How to Know When You’ve Gotten “Enough” Exercise

by | Jan 11, 2017
Photo by SnoShuu

Photo by SnoShuu

Recently I was having a conversation about exercise with a friend who is trying to lose weight. He had just hired a super hardcore trainer who wanted him to workout 2 hours a day, four days a week, for the next several months. This was paired with a strict diet of chicken breasts, broccoli and brown rice.

“Are you sure that’s realistic?” I asked, already knowing the answer.

I’m pretty fit, but such a training schedule would be difficult for me if for no other reason than it is a huge time commitment and I would have to sacrifice other things I care about in my life to make it work. My friend has been sedentary for most of his adult life, and is constantly complaining about being too tired and too busy to take care of himself. There was no way this would last.

My friend went on to explain that he knew it would be challenging, but it was something he needed to do. His doctor recently told him that he had to lose 40 lbs to clear up his sleep apnea and control his cholesterol and blood pressure. And drastic situations call for drastic measures.

I could see my friend’s logic on the surface, and he took an impressive step by deciding to take more control of his health. But I could also see that he had fallen into what I call the Not Enough Fallacy.

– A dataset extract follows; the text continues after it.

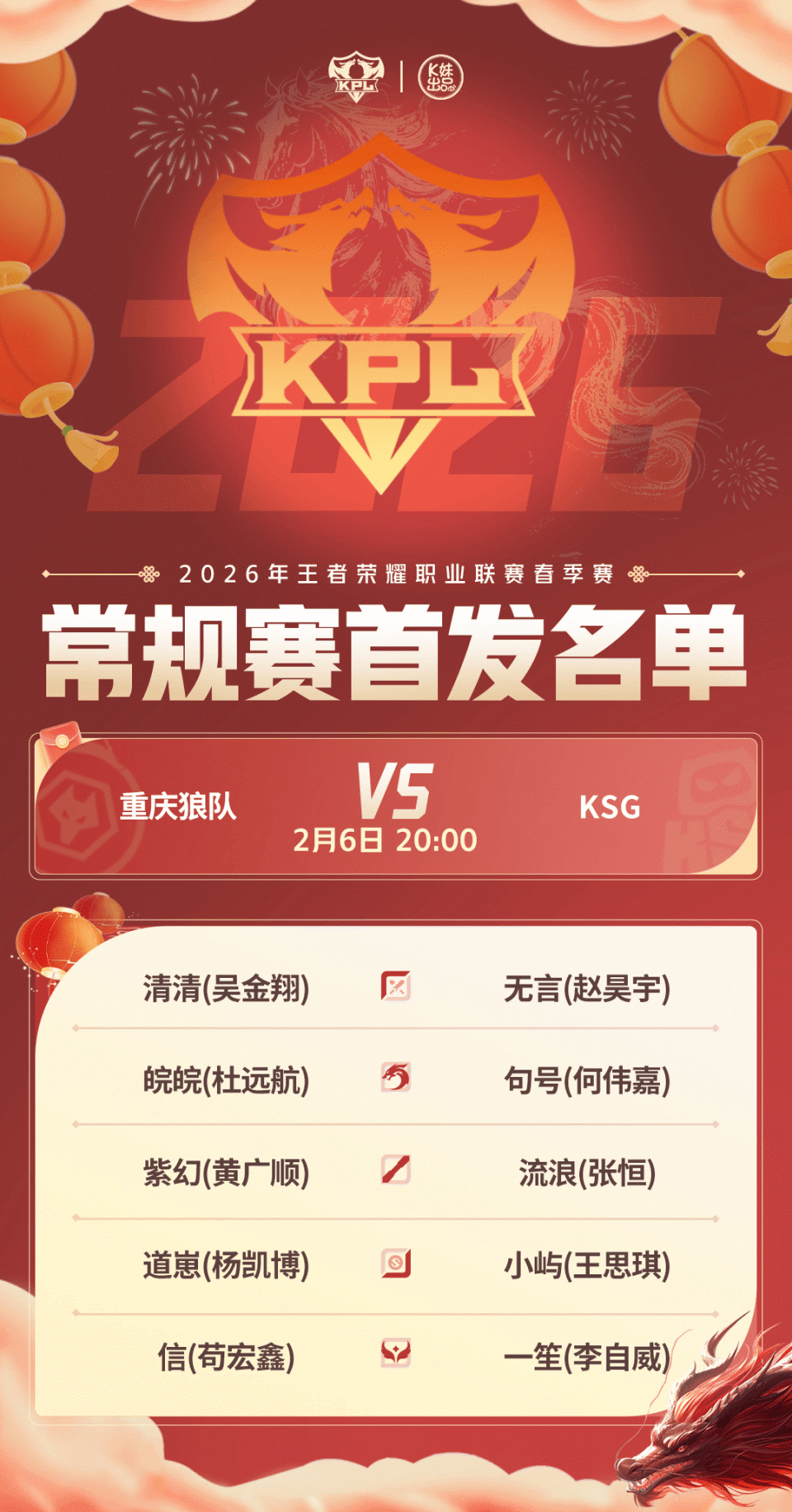 2026KPL春季赛常规赛第二轮W1D3【首发名单】送达 !

The Not Enough Fallacy is when you believe that small steps “don’t count” toward a larger goal, because they feel futile or insignificant. When you believe that small actions aren’t substantial enough to result in real change, you’re required to commit to something much more demanding in order for it to “count” toward your goal.

Some examples of the Not Enough Fallacy include:

  • Going on a restrictive diet instead of gently reducing portion sizes
  • Signing up for a half marathon instead of being more active by taking walks after dinner
  • Doing a juice cleanse instead of simply eating more vegetables and limiting processed foods

Of course much more demanding goals also mean a much higher failure rate. For one thing, harder activities are less fun and you’re more likely to view them as a punishment, rather than a reward. This mentality almost never leads to long-term habit formation.

Another problem with setting more difficult goals is that they take more time and energy, which means they will likely be taking essential resources from other things in your life that you care about like family, work or leisure.

If you were already struggling to commit to your health goal, pitting it against time with your family is not an effective way to make it more appealing.

A third problem with difficult goals is that once you do realize it isn’t realistic for you, you are more likely to give up completely and decide that getting healthy is impossibly difficult, or only possible for people stronger and more determined than you.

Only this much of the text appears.